Hancurnya Seni Tari Bali


TANDA kehancuran seni tari Bali mulai nampak gejalanya. Kalau ini tidak ditanggulangi dengan serius akan sangat berbahaya. Anehnya, kehancuran atau setidaknya kemerosotan ini justru disebabkan oleh teknologi yang semakin maju. Bukannya teknologi itu dimanfaatkan untuk kemajuan justru menjadi bumerang untuk merusak seni tari Bali itu.

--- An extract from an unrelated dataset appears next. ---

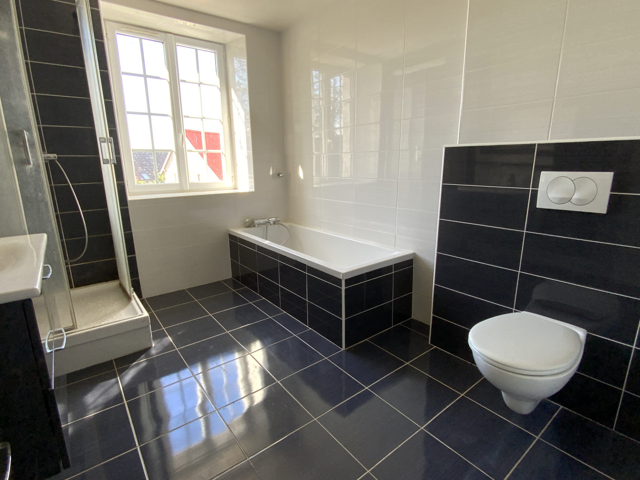 - Une salle de bains avec douche + baignoire + WC d'environ 8m2.

Cobalah simak berita ini. Budayawan Prof Dr Wayan Dibia mengkhawatirkan Tari Joged Bumbung "dicabut" statusnya sebagai bagaian Warisan Budaya Tak Benda dari UNESCO, karena maraknya kesenian joged yang dibawakan secara seronok. Menurut Prof Dibia  jika ini dibiarkan begitu saja, badan organisasi UNESCO yang telah menetapkan sembilan tarian Bali, khususnya joged, bisa dicabut. Hal senada juga dikatakan budayawan Prof Dr I Made Bandem. Kalau  “joged jaruh” (joged dengan aksi porno) tidak bisa diberantas, maka ancamannya adalah pengakuan UNESCO bisa dicabut.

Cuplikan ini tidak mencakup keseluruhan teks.